The issue isn’t about a typical consumer versus a geek. It’s recognizing landfill. I can write a networking stack from scratch; the software shipped with the NAS was still unworkable.
Have a great day!
I own one of these and I have to agree. For what I paid it’s pure junk. Lousy documentation, flaky firmware and little help on their forum. I tried the forum over a problem I’m having and you could hear the crickets chirp. So I turned to the official support site.
I’m having trouble with file transfers to the NV+ from my OpenSuse box. Ran wireshark as support asked and I’m getting TONS of tcp checksum errors. Support says I have to check with another PC so I drag an old box out, install OpenSuse 11.1 and, after a lot of time and hassle, I find transfers are doing the same thing from that box as well. It has a completely different Gigabit NIC so they can’t blame my equipment now. They still want me to do a direct connection to the PC. Reasonable, I guess…it could me my gigabit switch, right???? Not likely. I’m praying it’s a firmware issue or I’ll have to pay a fortune to send it back to them for RMA. Even then what about my data??? And what if they just send it back? I’ve had companies do that before.

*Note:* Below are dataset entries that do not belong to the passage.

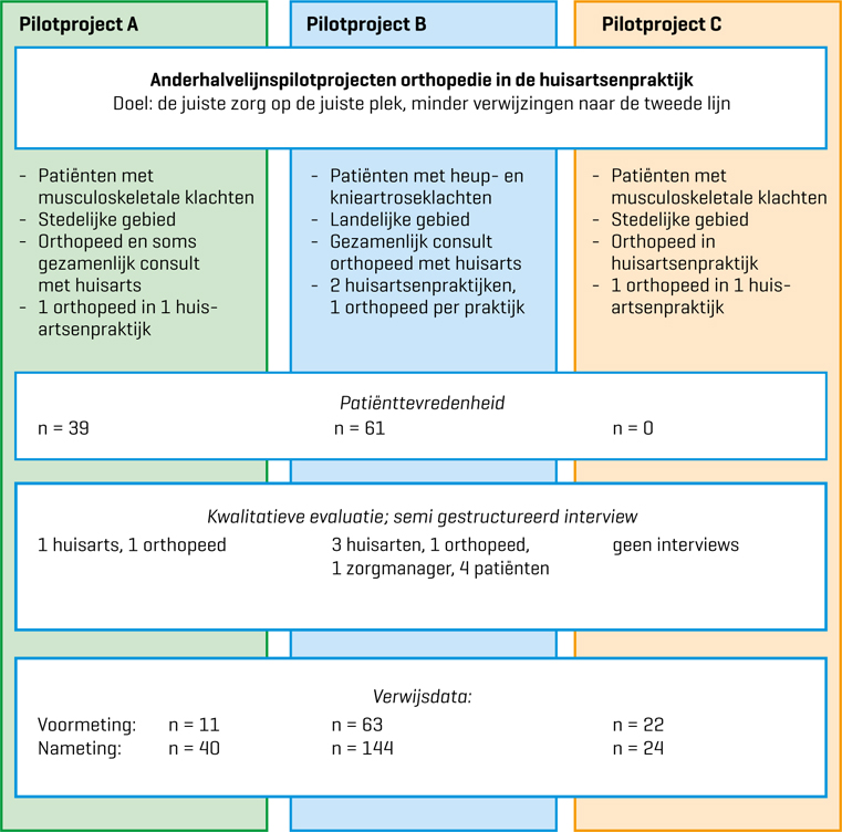 De anderhalvelijnsprojecten waren gericht op klachten van het bewegingsapparaat of specifiek op knie- en heupartrose. Het doel van alle projecten was het waarborgen van de toegankelijkheid van de zorg in de tweede lijn. Samen met zorgverzekeraar CZ hebben wij de anderhalvelijnszorg voor knie- en heupartrose geëvalueerd. Drie van de lopende pilotprojecten waren bereid mee te doen. We onderzochten de factoren die de anderhalvelijnszorg belemmerden en bevorderden, de patiënttevredenheid en het aantal verwijzingen naar de tweedelijnszorg. Meer informatie over de individuele pilotprojecten is te vinden in het stroomdiagram [figuur]. De methode van de evaluatie is beschreven in het [kader]. Details over het onderzoek zijn te vinden in de oorspronkelijke publicatie.
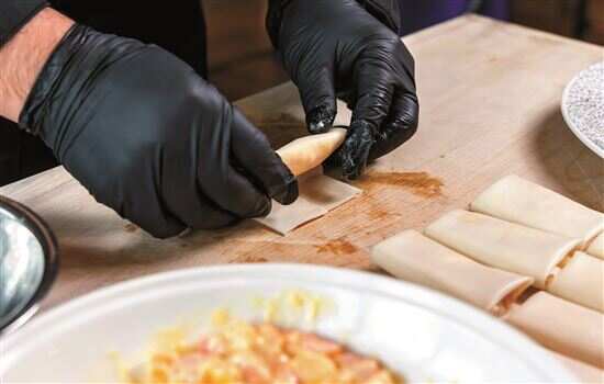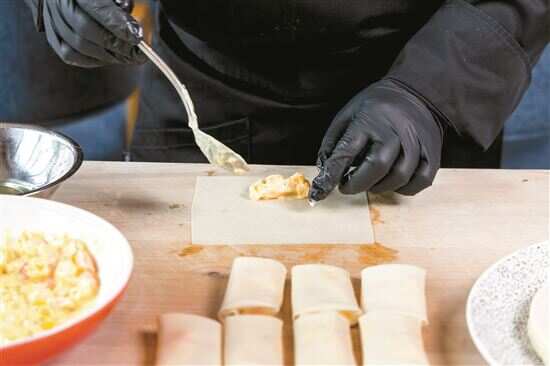 ▲包春卷时馅料不要放太多,太多容易破皮。将馅料摆放在春卷皮中心,紧实卷起。
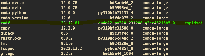 如果你照著上面的指令安裝,那麼安裝完後會建立一個新的 conda env: rapids-23.12,進到 env 中就可以檢查 cudf 是否安裝成功。
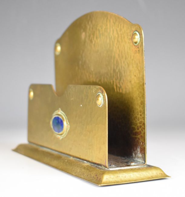 Liberty style Arts and Crafts or Art Nouveau brass letter rack with hammered decoration and central enamel cabochon, marked to underside Cambray ware, length 19cm
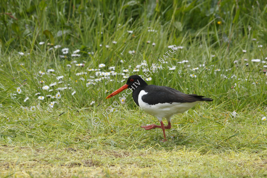 Austernfischer, Haematopus ostralegus, Bewegen, Ereignis, Farbe, Fauna, Flora, Geschehen, Goksøyr, Gras, Gänseblümchen, Bellis perennis, Insel Runde, Korbblütler, Kulturlandschaft, Laufen, Møre og Romsdal, Norwegen, Schreiten, Tätigkeit, Vogel, Watvogel, Wiese, grün, rot, schwarz, weiß,

When I was looking into this I threw around the idea of building my own, God knows, for the money I could have had a pretty sweet little NAS. But I like the very small power consumption on this. How I wish now that I had just built my own.
Here’s an update to my last message.
Direct connection to the NAS came up with the same problem. Tech support says it’s a bad NIC then and RMA it. I get to keep my drives; they just want the chassis. I paid them 20 US for an advance RMA which is quite reasonable really, especially since they sent it air when it was supposed to be ground. Here’s where the fun starts, though.
I get the RMA unit and it’s an old one. Older than the one I own. You can tell by the serial number. It’s probably refurbished as there are marks on the case. Whatever, I don’t care as long as it works, right. I install my drives, do a factory reset and install the latest firmware. I start to transfer my data to it and…I’ll bet you can guess what happens next. That’s right! Same problem. I run Wireshark again and it shows copious amounts of TCP checksum errors while moving files up to this paperweight.
I e-mail tech support right away and tell them that it does the same thing and that if they can’t fix it, and I don’t have faith that they can, then I want my money back. That was 4 days ago. I have yet to hear anything from them. I believe this is the part where they stonewall the customer. Anyway, I’ve contacted my CC company to see if they can help and they can’t. I just sent an e-mail to the retailer I bought this junk off of and am awaiting their reply. I don’t have much faith that they will be able to do anything. At this point I believe I’m going to end up with a 1500 buck brick sitting in the closet collecting dust.
Charles you’re right. It IS landfill!